We think you need these skills to ace Senior Data Science Engineer, American Football in London
Some tips for your application 🫡
Tailor Your CV: Make sure your CV reflects the skills and experiences that align with the Senior Data Science Engineer role. Highlight your proficiency in Python, machine learning, and any relevant sports data projects you've worked on.
Craft a Compelling Cover Letter: Use your cover letter to tell us why you're passionate about American football and how your background in data science can contribute to our Sports Modeling team. Be genuine and let your enthusiasm shine through!
Showcase Your Projects: If you've worked on any interesting data science projects, especially those related to sports, make sure to include them in your application. We love seeing real-world applications of your skills!
Apply Through Our Website: For the best chance of getting noticed, apply directly through our website. It’s the quickest way for us to see your application and get you into the process!
How to prepare for a job interview at DraftKings
✨Know Your Stats
Brush up on your knowledge of American football and the relevant leagues. Be prepared to discuss how your understanding of the game can influence data models and enhance user experiences. Showing genuine passion for the sport will set you apart!
✨Showcase Your Python Skills
Since proficiency in Python is crucial, be ready to demonstrate your coding skills. You might be asked to solve a problem or explain your approach to integrating machine learning models into applications. Practice coding challenges beforehand to boost your confidence.
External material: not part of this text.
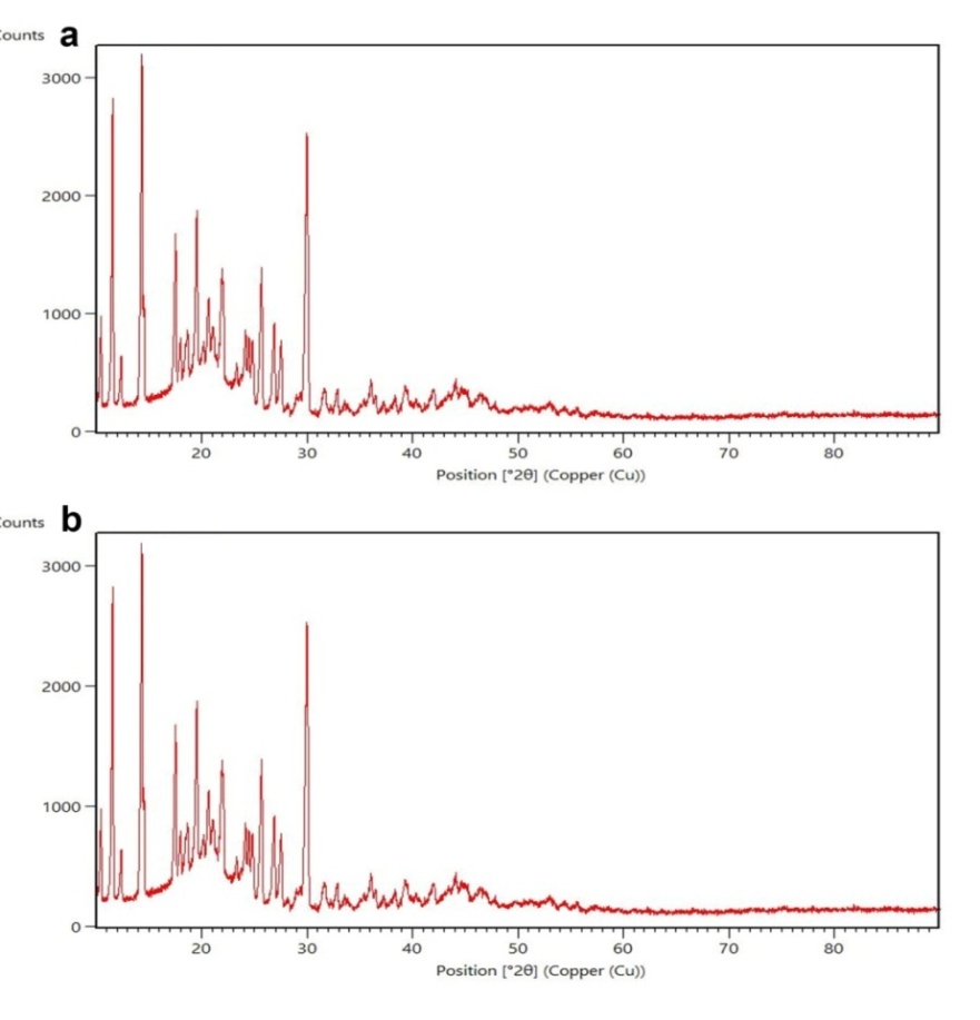 Fig. 3: XRD patterns of a. Unsintered riboflavin powder mixture b. Sintered riboflavin powder mixture

✨Understand the Machine Learning Lifecycle
Familiarise yourself with the entire machine learning lifecycle, from experimentation to deployment. Be prepared to discuss your past experiences with model development and how you ensure accuracy through testing. This will show that you’re not just a coder but a well-rounded data scientist.
✨Collaboration is Key
Highlight your experience working with cross-functional teams. Discuss how you've collaborated with trading, product, and engineering teams in the past. Emphasising your ability to coach junior data scientists will also demonstrate your leadership potential and team spirit.